RECORDS TO USE —
+ + + +
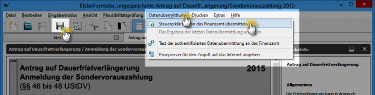 ElsterFormular: So starten Sie die Meldung einer Sondervorauszahlung.
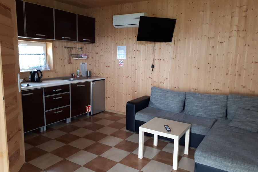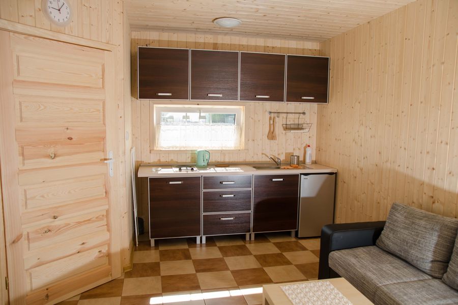 Każdy domek posiada łazienkę lub toaletę, w pełni wyposażoną kuchnię, TV, Internet, taras z meblami.
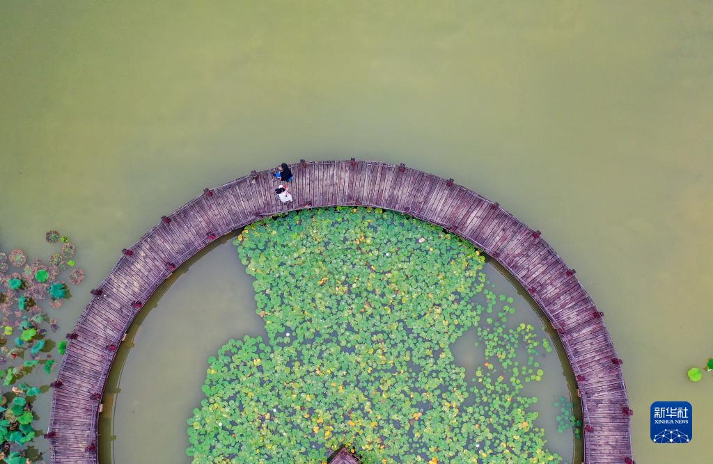 10月5日,游客在貴州省銅仁市玉屏侗族自治縣茶花泉景區游覽(無(wú)人機照片)。
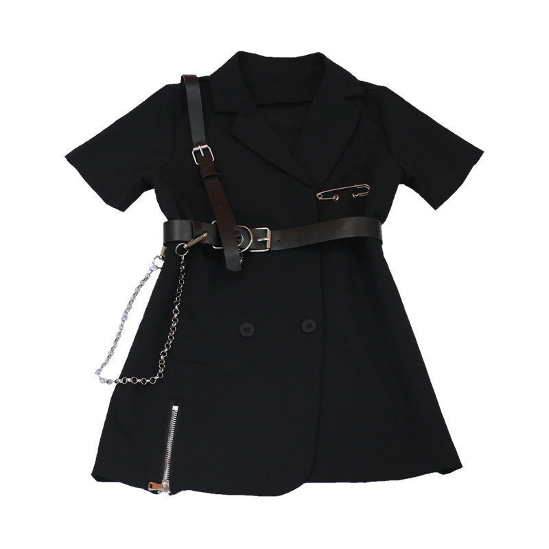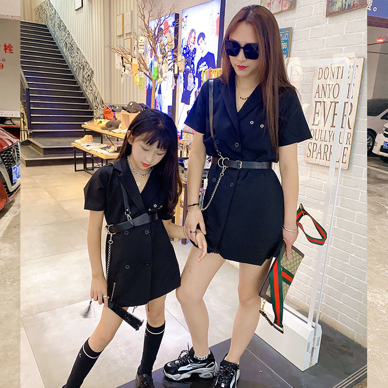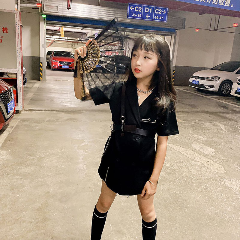 Girl Suit Jacket 2020 Autumn Dress New CUHK Child Dark Black Retro Tooling Skirt Long Sleeve Matching Belt Walk Show
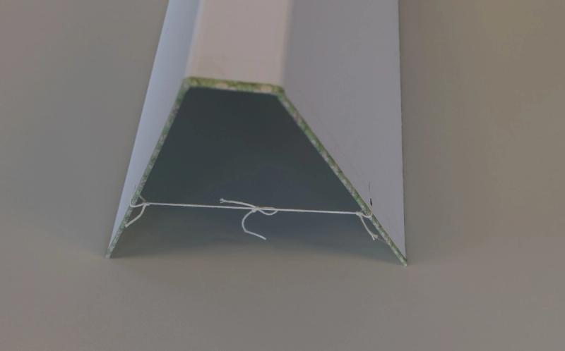 4. Klipp opp 4 lengder à 20 cm med hyssing. Knyt fast den ene enden av hyssing-lengdene på hver av de fire punktene i permen.
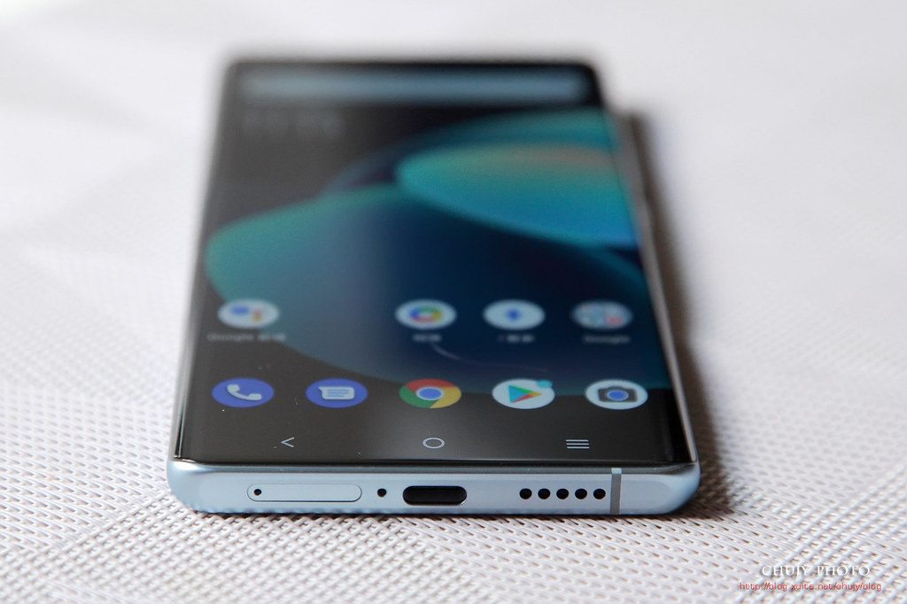 下方SIM槽則是以雙 nanoSIM 卡為設計,支援 5G + 4G 雙卡雙待,其餘則是 USB type-C插孔以及喇叭。
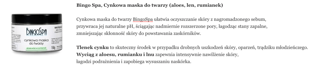 OPINIA ZAZIE o Bingo Spa, Cynkowa maska do twarzy (aloes, len, rumianek)
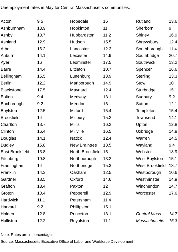The worst unemployment rate in Central Massachusetts is in Southbridge at 20.7%, followed by Fitchburg at 19.8%. Among the area’s largest communities, Framingham’s rate in May was 14.0%, Leominster was 17.5%, Marlborough’s was 14.9%, and Shrewsbury’s was 12.4%.
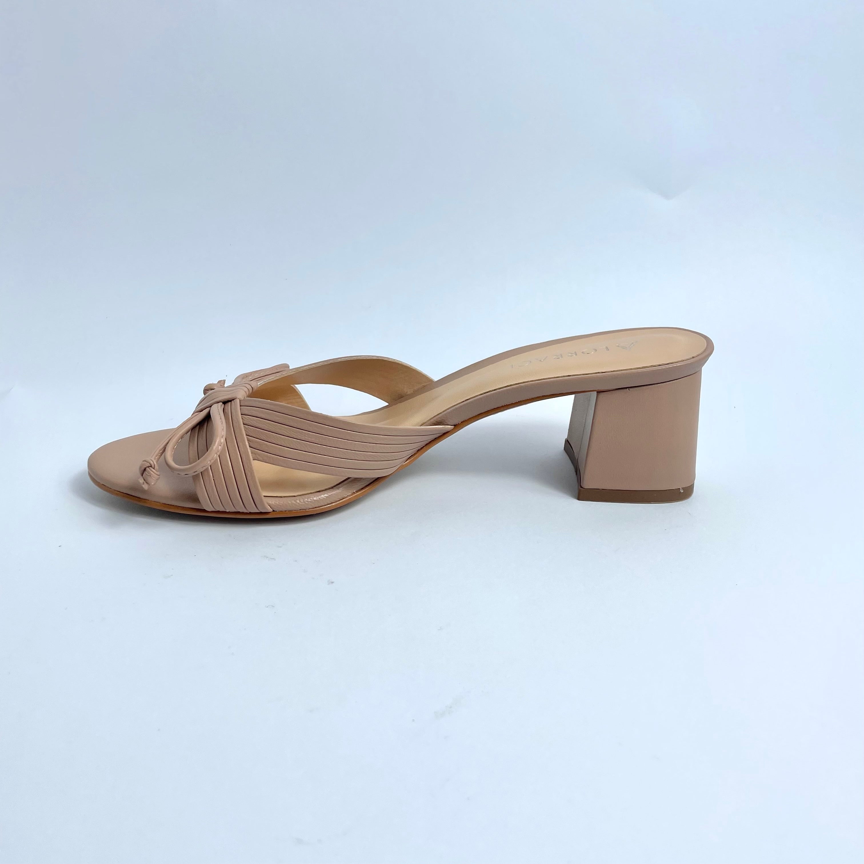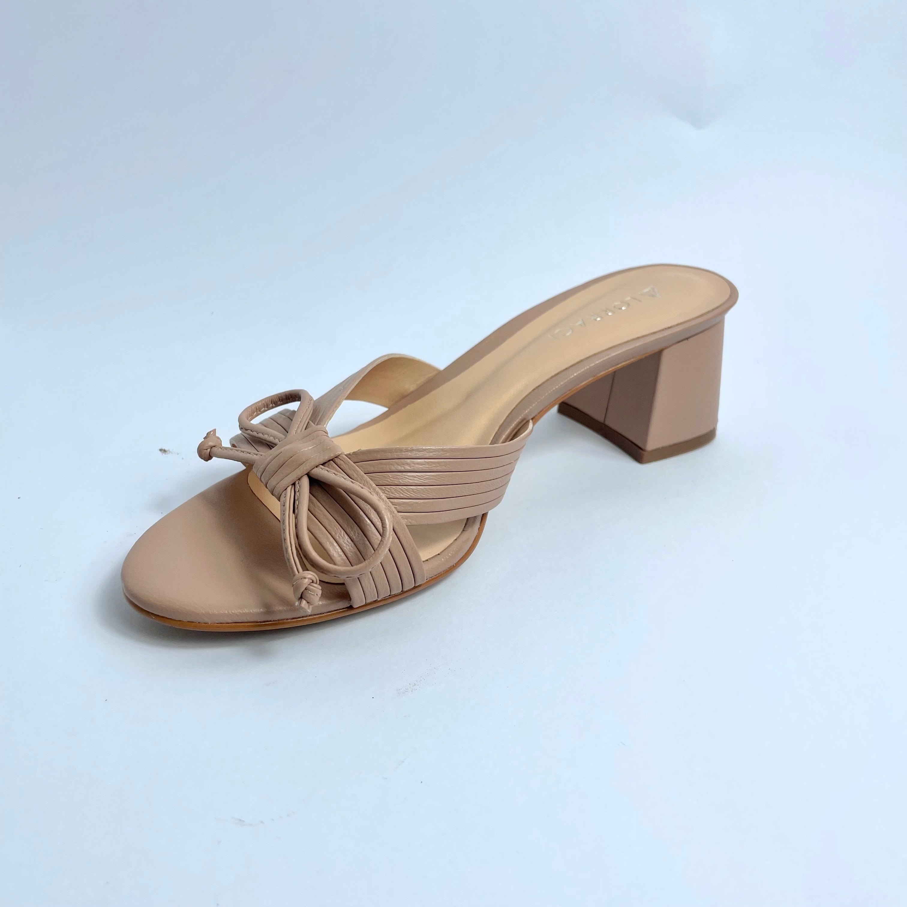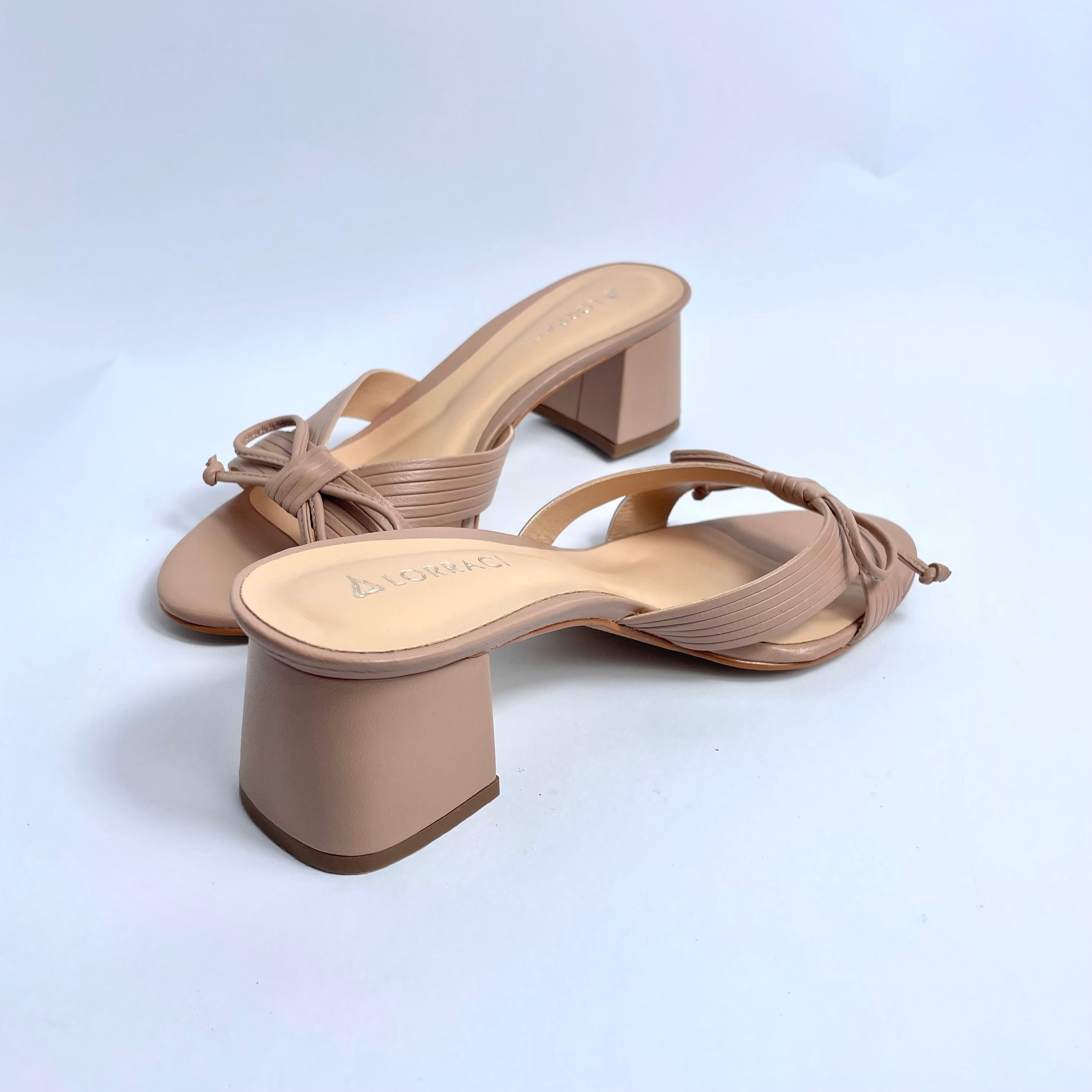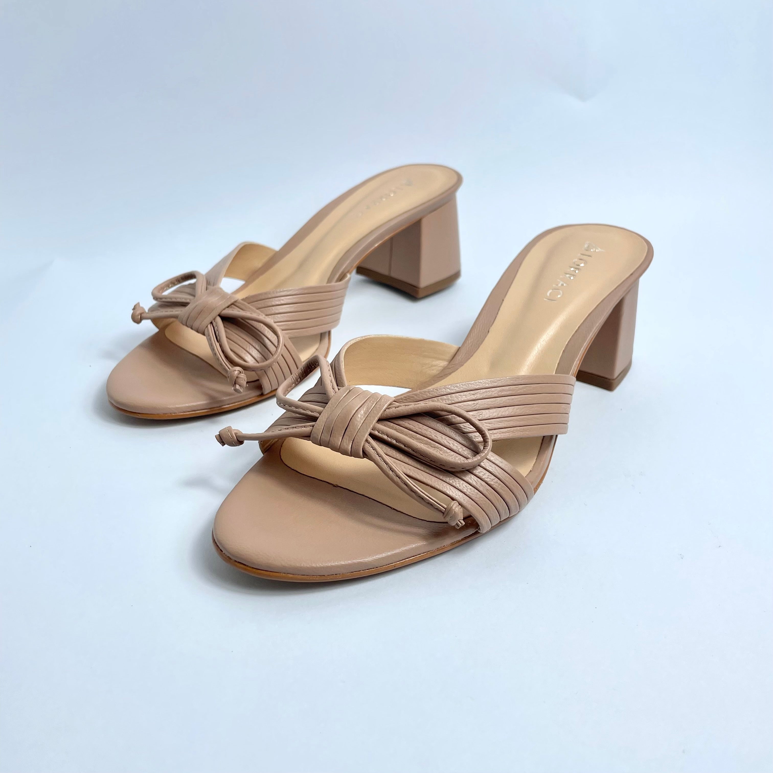 Tacón medio cuadrado en tono nude con tiras finas entrecruzadas y detalle de lazo al frente. Un diseño femenino y versátil que combina comodidad y elegancia para el día a día o una ocasión especial.
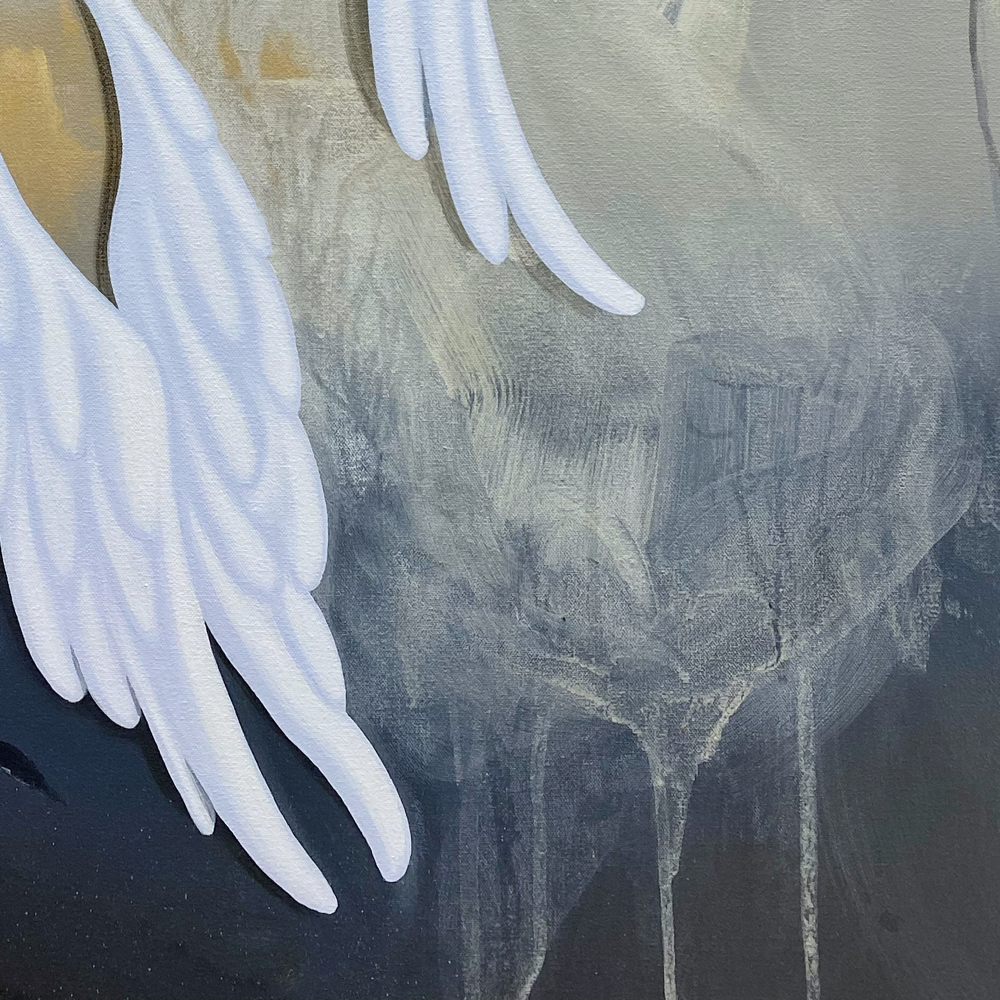 抽象っぽく見える背景が実在していて、具体的な形を有しているクリーチャー、すなわち、この2作品ではタイトルからseraphim (セラフィム = 熾天使。六枚の翼を持つ。参考:イザヤ書 第6章 2。「熾」は「火が盛んに燃える」の意。) という天使なんですが、それは実存しているものではない、というところがとても興味深いです。実存していない、とか言い切っちゃうと信じている人は気を悪くするかも知れませんが、、、。この作品では「実際に存在する抽象画」に出会わせてくれた目に見えない存在に対して、高木さんが「天使を見た」というような印象を得たのかな、と勝手に想像しました。エモい。
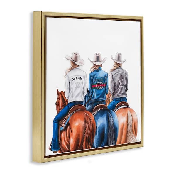 Fashion Trend Cowgirls by Amanda Greenwood Gold Floater Frame People Graphic Art Print 25 in. x 25 in.
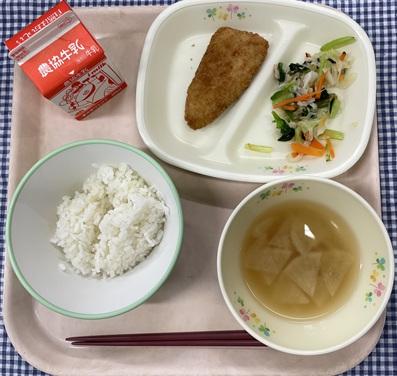今日の給食献立は、白ごはん・アジフライ・磯香和え・じゃがいもと大根のみそ汁・牛乳でした。
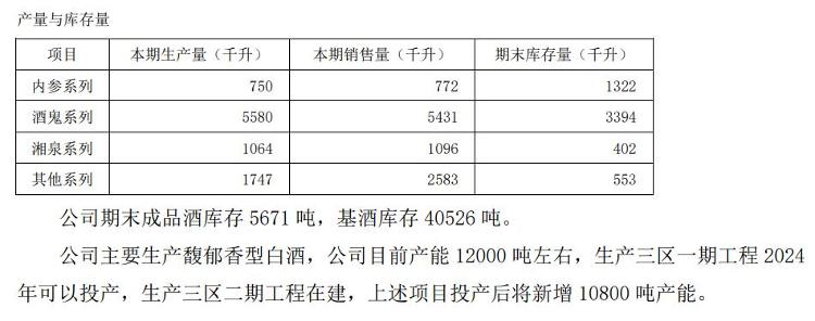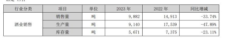 酒鬼酒2023年报销售量、生产量、库存量变化数据。
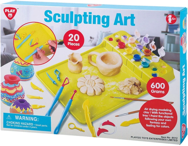 Почніть творити з цим набором для моделювання PlayGo, що складається з 20 предметів. Набір містить основу для моделювання, 600 грамів самотвердіючої глини, фарби на водній основі, пензлі та додаткові інструменти. Підходить для дітей віком від 5 років.
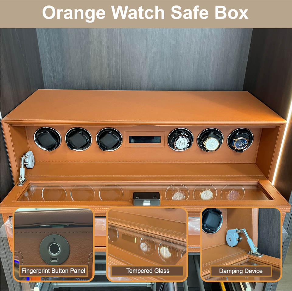 Premium Leather & Tempered Glass Watch Organizer Box with Biometric Safe Fingerprint Lock & Digital Smart Touch Control Screen
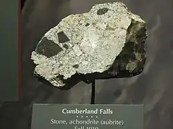 {{free media}}"Aubrites are a rare group of meteorites (only 30 classified at the time ...) that hold important implications for reducing magmatic systems in our solar system, and have also been suggested as a potential petrologic analog for rocks on Mercury (Burbine et al. 2002)."[1]
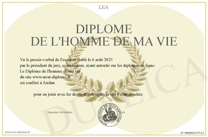 Envoyez par email votre Diplôme de l'homme de ma vie personalisé
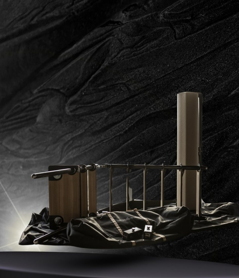 La selezione dei materiali include marmi naturali, legni pregiati, radiche, ottone e tessuti tecnici, combinati in strutture pensate per garantire stabilità, resistenza e qualità percepita nel tempo. Le superfici metalliche sono utilizzate sia come elemento strutturale sia come dettaglio estetico, mentre le parti lapidee vengono impiegate per piani d’appoggio, rivestimenti e componenti decorativi.
+ + + +
WORK ORDER — Your answer should be an exact copy of the entries above, with no images included.

RESPONSE FOR THIS EXERCISE —
 ElsterFormular: So starten Sie die Meldung einer Sondervorauszahlung.
 Każdy domek posiada łazienkę lub toaletę, w pełni wyposażoną kuchnię, TV, Internet, taras z meblami.
 10月5日,游客在貴州省銅仁市玉屏侗族自治縣茶花泉景區游覽(無(wú)人機照片)。
 Girl Suit Jacket 2020 Autumn Dress New CUHK Child Dark Black Retro Tooling Skirt Long Sleeve Matching Belt Walk Show
 4. Klipp opp 4 lengder à 20 cm med hyssing. Knyt fast den ene enden av hyssing-lengdene på hver av de fire punktene i permen.
 下方SIM槽則是以雙 nanoSIM 卡為設計,支援 5G + 4G 雙卡雙待,其餘則是 USB type-C插孔以及喇叭。
 OPINIA ZAZIE o Bingo Spa, Cynkowa maska do twarzy (aloes, len, rumianek)
The worst unemployment rate in Central Massachusetts is in Southbridge at 20.7%, followed by Fitchburg at 19.8%. Among the area’s largest communities, Framingham’s rate in May was 14.0%, Leominster was 17.5%, Marlborough’s was 14.9%, and Shrewsbury’s was 12.4%.
 Tacón medio cuadrado en tono nude con tiras finas entrecruzadas y detalle de lazo al frente. Un diseño femenino y versátil que combina comodidad y elegancia para el día a día o una ocasión especial.
 抽象っぽく見える背景が実在していて、具体的な形を有しているクリーチャー、すなわち、この2作品ではタイトルからseraphim (セラフィム = 熾天使。六枚の翼を持つ。参考:イザヤ書 第6章 2。「熾」は「火が盛んに燃える」の意。) という天使なんですが、それは実存しているものではない、というところがとても興味深いです。実存していない、とか言い切っちゃうと信じている人は気を悪くするかも知れませんが、、、。この作品では「実際に存在する抽象画」に出会わせてくれた目に見えない存在に対して、高木さんが「天使を見た」というような印象を得たのかな、と勝手に想像しました。エモい。
 Fashion Trend Cowgirls by Amanda Greenwood Gold Floater Frame People Graphic Art Print 25 in. x 25 in.
今日の給食献立は、白ごはん・アジフライ・磯香和え・じゃがいもと大根のみそ汁・牛乳でした。
 酒鬼酒2023年报销售量、生产量、库存量变化数据。
 Почніть творити з цим набором для моделювання PlayGo, що складається з 20 предметів. Набір містить основу для моделювання, 600 грамів самотвердіючої глини, фарби на водній основі, пензлі та додаткові інструменти. Підходить для дітей віком від 5 років.
 Premium Leather & Tempered Glass Watch Organizer Box with Biometric Safe Fingerprint Lock & Digital Smart Touch Control Screen
 {{free media}}"Aubrites are a rare group of meteorites (only 30 classified at the time ...) that hold important implications for reducing magmatic systems in our solar system, and have also been suggested as a potential petrologic analog for rocks on Mercury (Burbine et al. 2002)."[1]
 Envoyez par email votre Diplôme de l'homme de ma vie personalisé
 La selezione dei materiali include marmi naturali, legni pregiati, radiche, ottone e tessuti tecnici, combinati in strutture pensate per garantire stabilità, resistenza e qualità percepita nel tempo. Le superfici metalliche sono utilizzate sia come elemento strutturale sia come dettaglio estetico, mentre le parti lapidee vengono impiegate per piani d’appoggio, rivestimenti e componenti decorativi.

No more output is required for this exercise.